EXERCISE DESCRIPTION: Within the entries below, the lines from the one with "大学スポーツの普及や活性化、" through the one with "V sadě je přiložena" are to be set down exactly, both ends kept.

RECORDED INFORMATION:
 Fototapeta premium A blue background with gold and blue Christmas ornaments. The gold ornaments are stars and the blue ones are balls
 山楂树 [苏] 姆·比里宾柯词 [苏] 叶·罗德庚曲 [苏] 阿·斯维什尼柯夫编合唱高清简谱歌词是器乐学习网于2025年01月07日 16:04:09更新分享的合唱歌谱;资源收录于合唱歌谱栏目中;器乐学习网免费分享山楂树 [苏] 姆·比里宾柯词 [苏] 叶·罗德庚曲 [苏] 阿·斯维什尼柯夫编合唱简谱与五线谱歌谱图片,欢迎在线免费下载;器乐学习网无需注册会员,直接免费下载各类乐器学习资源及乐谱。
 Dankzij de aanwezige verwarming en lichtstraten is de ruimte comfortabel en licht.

--

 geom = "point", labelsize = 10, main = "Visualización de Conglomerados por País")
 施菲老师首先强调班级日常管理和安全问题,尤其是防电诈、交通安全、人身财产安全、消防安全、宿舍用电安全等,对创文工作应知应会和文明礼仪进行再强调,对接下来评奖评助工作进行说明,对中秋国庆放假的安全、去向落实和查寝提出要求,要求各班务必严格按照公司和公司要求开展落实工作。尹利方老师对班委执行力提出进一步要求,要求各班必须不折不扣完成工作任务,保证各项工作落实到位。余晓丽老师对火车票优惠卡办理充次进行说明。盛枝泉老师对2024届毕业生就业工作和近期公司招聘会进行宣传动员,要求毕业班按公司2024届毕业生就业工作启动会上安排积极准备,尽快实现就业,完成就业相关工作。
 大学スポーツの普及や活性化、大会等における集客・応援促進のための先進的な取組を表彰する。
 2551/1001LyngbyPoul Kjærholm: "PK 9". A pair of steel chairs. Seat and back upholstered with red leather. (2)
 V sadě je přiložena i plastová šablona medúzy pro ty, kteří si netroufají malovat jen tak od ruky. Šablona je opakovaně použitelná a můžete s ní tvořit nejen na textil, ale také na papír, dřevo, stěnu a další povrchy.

EXERCISE RESPONSE:
 大学スポーツの普及や活性化、大会等における集客・応援促進のための先進的な取組を表彰する。
 2551/1001LyngbyPoul Kjærholm: "PK 9". A pair of steel chairs. Seat and back upholstered with red leather. (2)
 V sadě je přiložena i plastová šablona medúzy pro ty, kteří si netroufají malovat jen tak od ruky. Šablona je opakovaně použitelná a můžete s ní tvořit nejen na textil, ale také na papír, dřevo, stěnu a další povrchy.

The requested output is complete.